(What you will do): Please repeat exactly the lines below from the line with "Povlak na polštář" to the line with "Nhận định soi", including both, and leave out every picture.

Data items
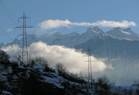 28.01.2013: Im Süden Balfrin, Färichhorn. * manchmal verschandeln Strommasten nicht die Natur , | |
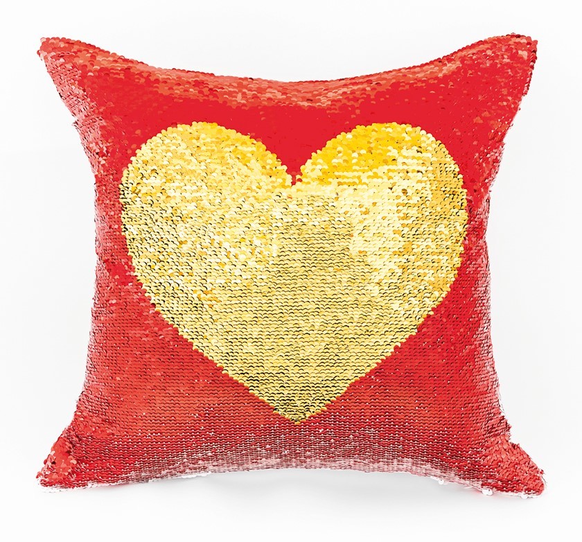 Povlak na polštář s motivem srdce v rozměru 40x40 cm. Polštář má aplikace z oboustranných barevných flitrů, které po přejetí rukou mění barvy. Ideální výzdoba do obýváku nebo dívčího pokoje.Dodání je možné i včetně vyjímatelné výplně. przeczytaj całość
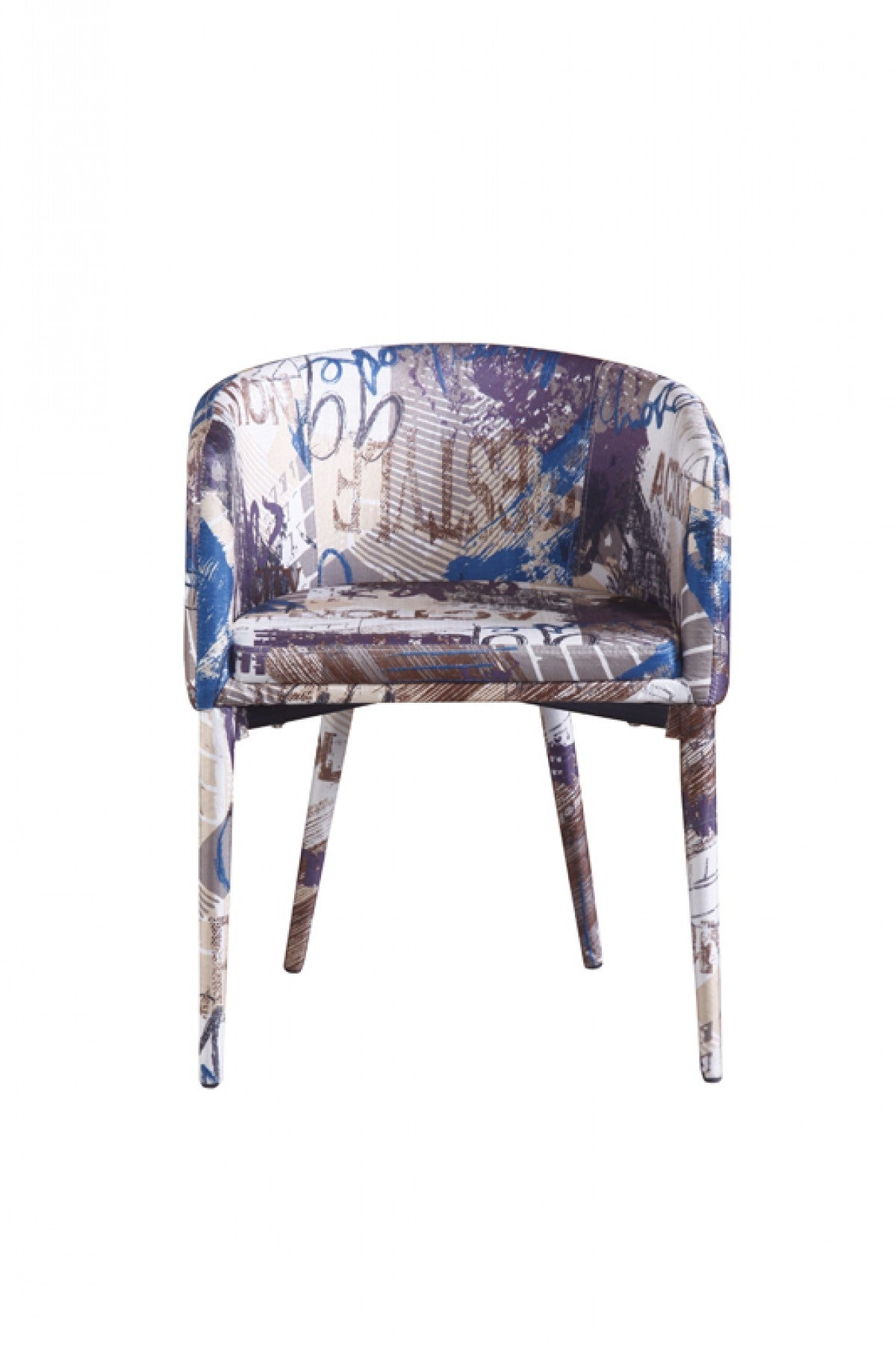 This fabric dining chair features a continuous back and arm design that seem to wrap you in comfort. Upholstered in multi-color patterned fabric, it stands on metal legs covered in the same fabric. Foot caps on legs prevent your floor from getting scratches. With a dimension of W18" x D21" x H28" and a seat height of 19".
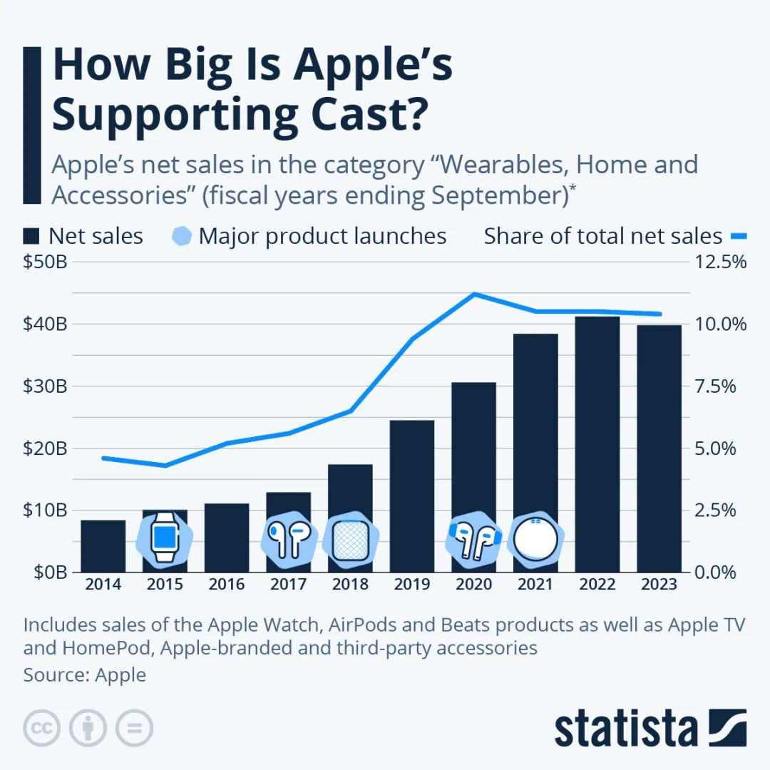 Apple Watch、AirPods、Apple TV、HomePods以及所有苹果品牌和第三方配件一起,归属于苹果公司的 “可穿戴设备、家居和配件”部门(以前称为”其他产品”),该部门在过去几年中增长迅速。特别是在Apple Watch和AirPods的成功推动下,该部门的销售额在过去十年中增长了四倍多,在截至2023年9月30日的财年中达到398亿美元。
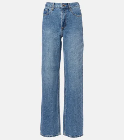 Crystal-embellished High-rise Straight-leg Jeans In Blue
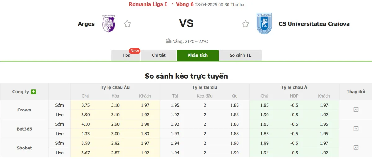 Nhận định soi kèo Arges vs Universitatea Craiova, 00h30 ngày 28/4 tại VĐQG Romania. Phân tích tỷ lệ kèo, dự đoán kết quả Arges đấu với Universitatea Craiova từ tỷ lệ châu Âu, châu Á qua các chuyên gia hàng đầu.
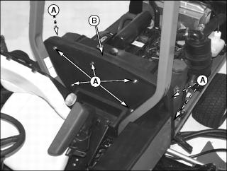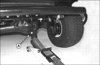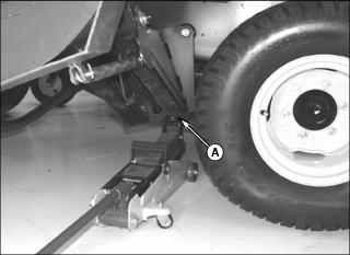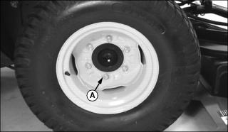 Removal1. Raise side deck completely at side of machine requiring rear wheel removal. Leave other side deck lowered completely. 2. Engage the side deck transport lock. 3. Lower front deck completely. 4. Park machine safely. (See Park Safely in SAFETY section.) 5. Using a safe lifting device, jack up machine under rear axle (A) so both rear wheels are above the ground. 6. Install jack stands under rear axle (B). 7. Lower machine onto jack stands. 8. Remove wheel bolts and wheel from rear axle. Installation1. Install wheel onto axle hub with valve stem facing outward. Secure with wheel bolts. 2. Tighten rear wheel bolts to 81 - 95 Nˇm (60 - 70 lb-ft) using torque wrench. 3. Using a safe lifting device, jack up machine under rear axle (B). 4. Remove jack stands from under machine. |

(Your solution):
 Povlak na polštář s motivem srdce v rozměru 40x40 cm. Polštář má aplikace z oboustranných barevných flitrů, které po přejetí rukou mění barvy. Ideální výzdoba do obýváku nebo dívčího pokoje.Dodání je možné i včetně vyjímatelné výplně. przeczytaj całość
 This fabric dining chair features a continuous back and arm design that seem to wrap you in comfort. Upholstered in multi-color patterned fabric, it stands on metal legs covered in the same fabric. Foot caps on legs prevent your floor from getting scratches. With a dimension of W18" x D21" x H28" and a seat height of 19".
 Apple Watch、AirPods、Apple TV、HomePods以及所有苹果品牌和第三方配件一起,归属于苹果公司的 “可穿戴设备、家居和配件”部门(以前称为”其他产品”),该部门在过去几年中增长迅速。特别是在Apple Watch和AirPods的成功推动下,该部门的销售额在过去十年中增长了四倍多,在截至2023年9月30日的财年中达到398亿美元。
 Crystal-embellished High-rise Straight-leg Jeans In Blue
 Nhận định soi kèo Arges vs Universitatea Craiova, 00h30 ngày 28/4 tại VĐQG Romania. Phân tích tỷ lệ kèo, dự đoán kết quả Arges đấu với Universitatea Craiova từ tỷ lệ châu Âu, châu Á qua các chuyên gia hàng đầu.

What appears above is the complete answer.